Whether it’s that awkward lull before a meeting starts, waiting in line at the coffee shop, or shaking some hands at a networking event, there’s no denying that small talk is a pretty big part of your professional life.
It’s necessary, yes. But, that doesn’t stop us all from acknowledging the fact that it can be awkward at best. After all, forced conversations about the weather or the quality of the open bar can only last for so long before you’re both hearing crickets and not-so-subtly looking around the room.
Love it or hate it, small talk is important—it’s often the launching point for deeper conversations and, thus, deeper relationships. But, does it have to be so terribly uncomfortable?
Actually, no. In fact, you’re likely committing one super common small talk mistake that’s making these exchanges even more stiff and unnatural.
Picture this: A professional acquaintance you haven’t seen in some time walks up to start a conversation and says, “Hey! How are you?” How do you respond?
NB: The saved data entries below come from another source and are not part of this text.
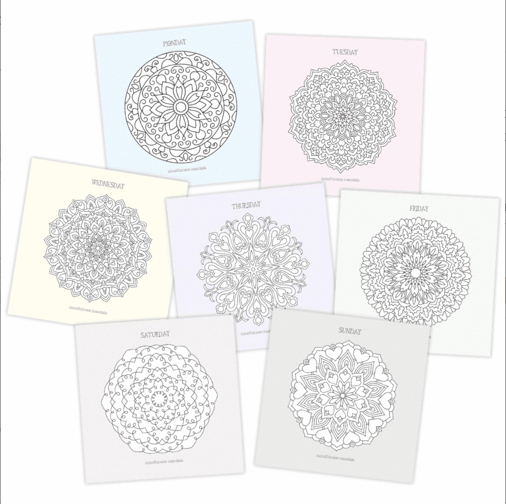 7 Mandala kaarten. De kaarten kun je zelf inkleuren. Deze kaartenset komt met een Daphne’s Diary potloden zet.
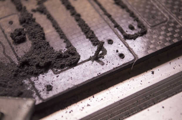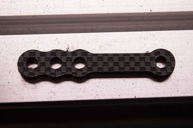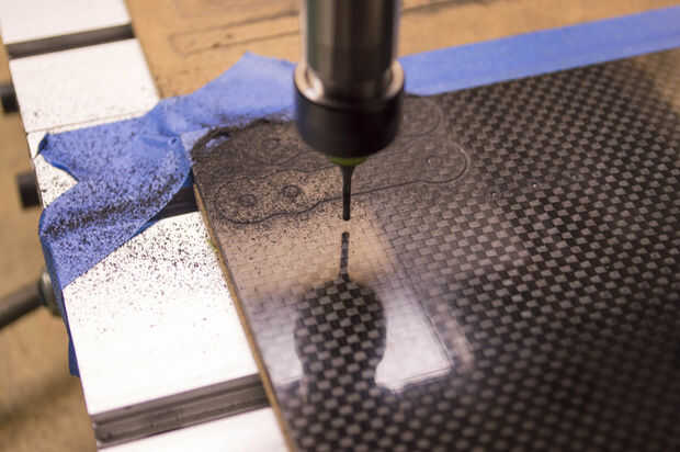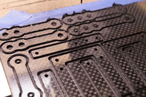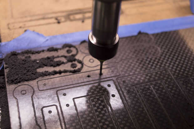 Después de terminar las placas CAD, yo entonces convertidos gCode con SheetCam. A partir de ahí puse en CNC y cortar las piezas de una placa de fibra de carbono de 2.5mm (Asegúrese de usar el filtro de la máscara adecuada al corte de fibra de carbono!). Tuve que hacer 3 pasos a través de la placa debido a un débil eje. Estos múltiples pasadas terminaron creando bordes deshilachados que enarenada apagado utilizando las asperezas del metal del CNC y una lija de grano alta.
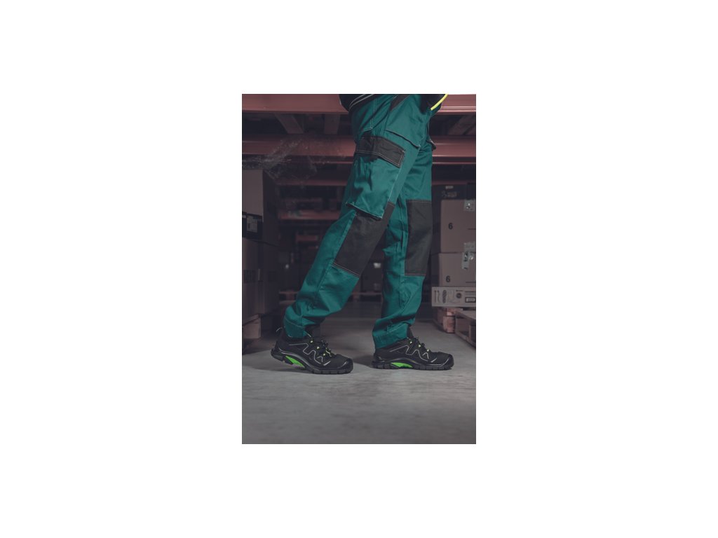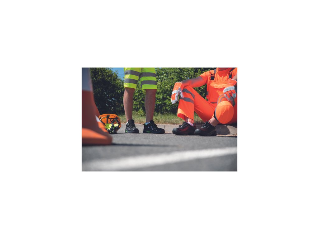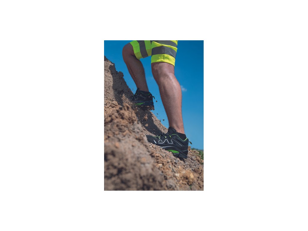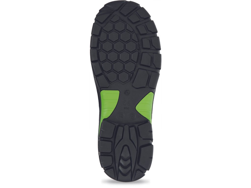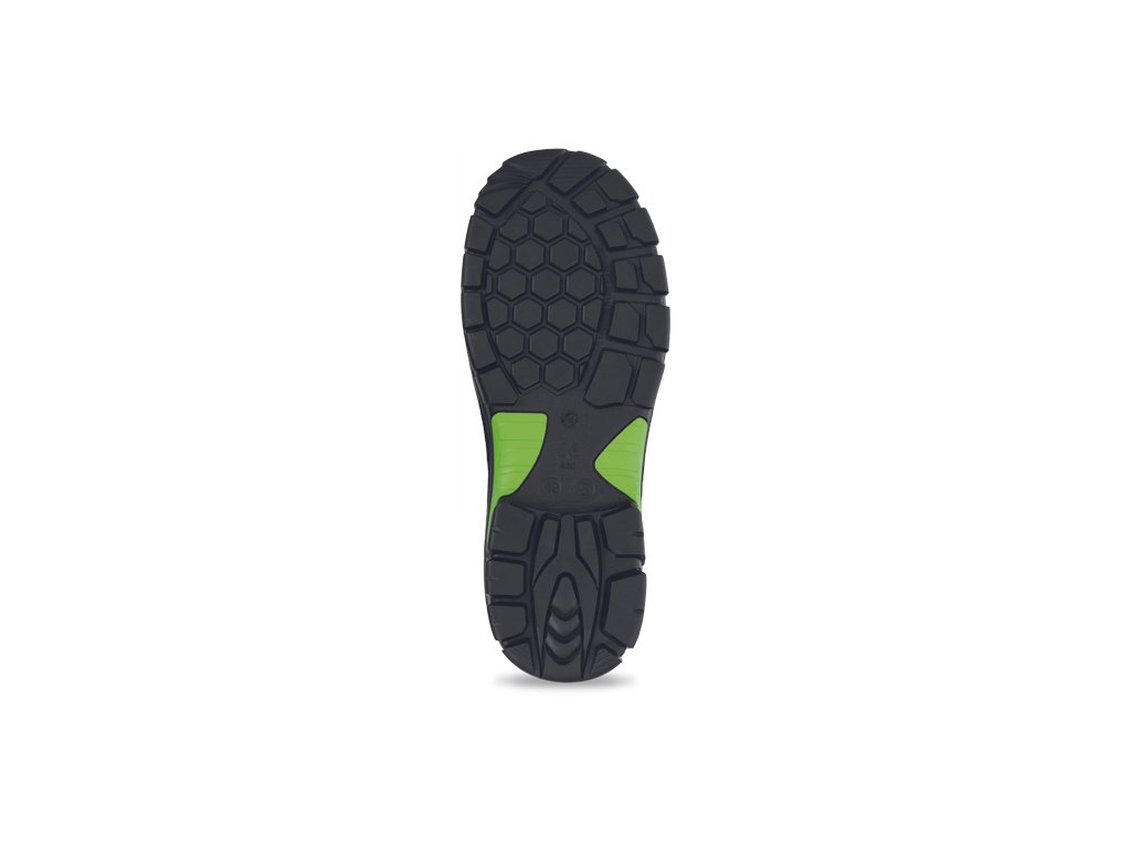 Moderní bezpečnostní sandály s kompozitní stélkou proti propichu a kompozitní tužinkou ve špici, která chrání před stlačením silou do 15 kN nebo pádem břemena o váze do 20kg z výšky 1m. Antistatická podešev vyrobena z kombinaci polyuretanu a velice odolné gumy garantuje nejenom komfort, ale i bezpečí díky protiskluzným vlastnostem podrážky, která je navíc rezistentní olejům a oděru. Svršek obuvi je vyrobený z přírodní kůže „NUBUCK“ a vnitřní podšívka z prodyšného polyesteru. Uzavíraní pomocí elastických tkaniček umožnuje ideálně přizpůsobit obuv k tvaru nohy. Reflexní prvky garantuji zvýšenou viditelnost uživatele. Tento model je vybaveny komfortní vnitřní stélkou, která díky gelové patě ještě lepe tlumí nárazy a přináší maximální pocit pohodli během práce. Tyhle boty vypadají jako sportovní obuv, ale při tom dokonale ochrání vaší nohy.

If you’re like most people, you retort immediately with something like, “I’m great. How are you?” Aside from just a couple of short words, you’ve really only answered his question with another question.
We all have the tendency to do this same thing in a variety of situations. Whether someone asks us how our day was, what we thought of a presentation, or how we’re enjoying our meal, it’s easy to reply quickly and then bounce the conversational ball back to the other person.
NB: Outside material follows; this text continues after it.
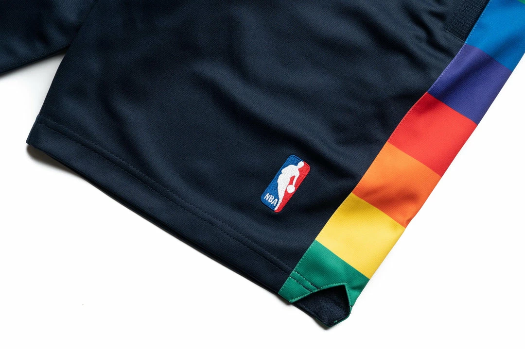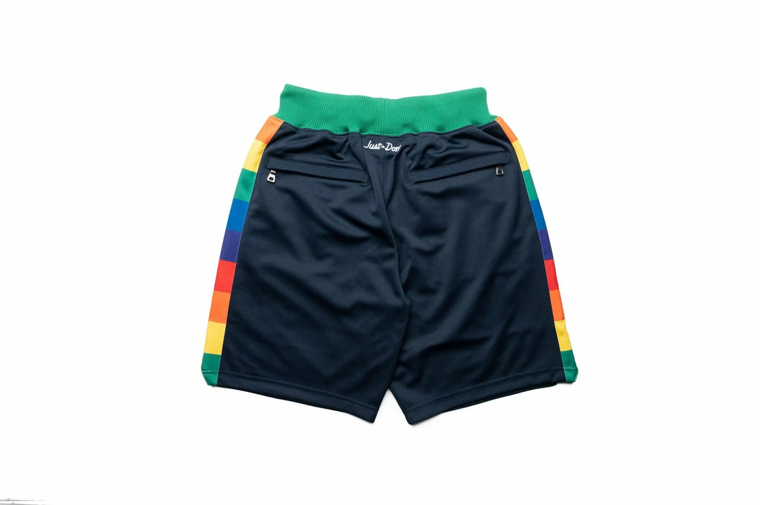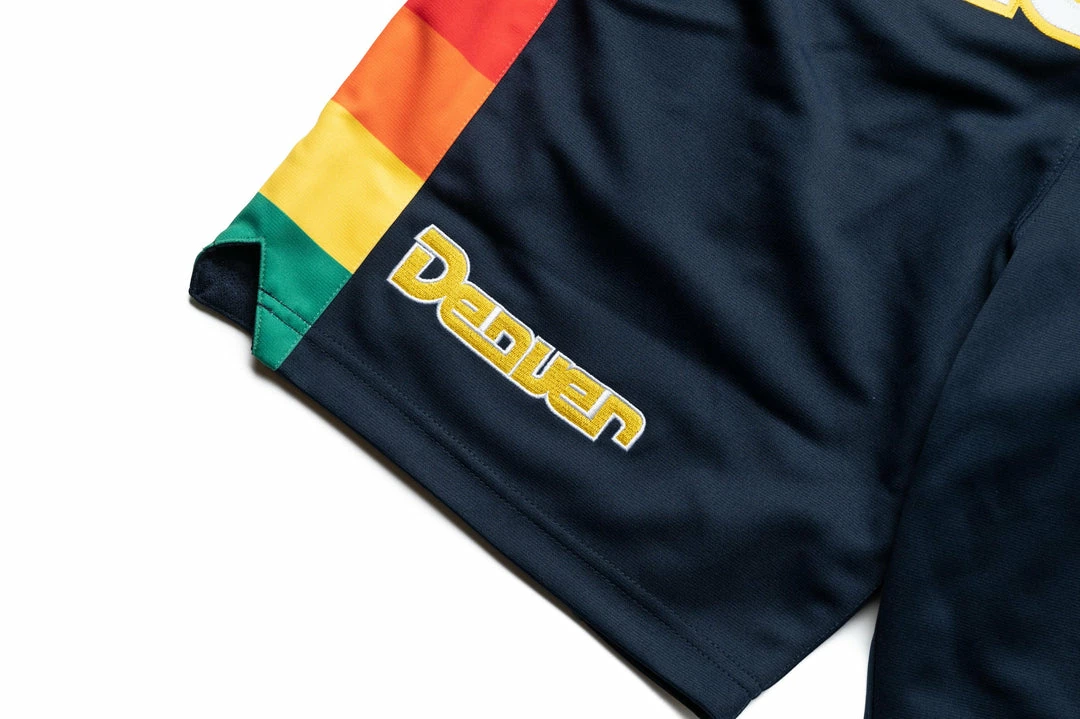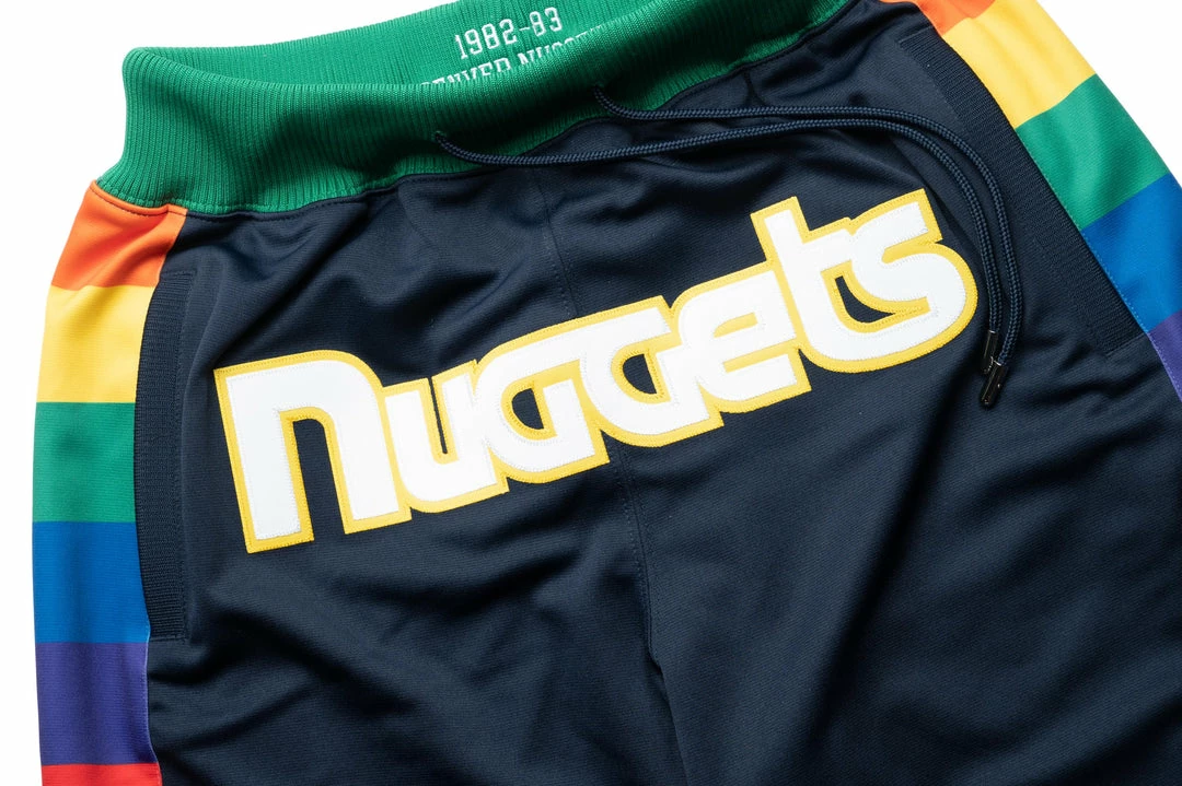 100% double knit short with knit rib waist band. “Nuggets” embroidered twill. Silver cord tips. Lampo zippers.

While it’s great that you’re making an effort to keep things moving back and forth without monopolizing the discussion, there’s a problem with this approach: You’ll never actually talk about anything of value.
Instead, you and your conversational partner will likely continue to provide curt responses and returned questions, until eventually you run out of things to say.
You dread those unbearably long small talk silences as much as the next person, right? So, ideally, you could do something to prevent this rapid fire conversation style and instead engage in a more meaningful discussion.
The good news is, you can. And, the fix is almost painfully simple: Beef up your responses—even just a little bit.
When someone asks how your day was, for example, provide a real explanation before bouncing the question back to them. This can look like, “My day was great! I had a really productive afternoon meeting where we discussed our website redesign, which I’m really excited about. How about you?”
Chances are, your conversational partner will follow your lead and provide a more thorough response of his or her own—laying the groundwork for a continued conversation about things that actually hold some meaning for both of you.
Even the most social among us can admit that small talk can feel forced and uncomfortable. But, it instantly becomes better when you use this simple and effective fix in order to stop committing this one common mistake. Give it a try and watch as your small talk conversations drastically improve.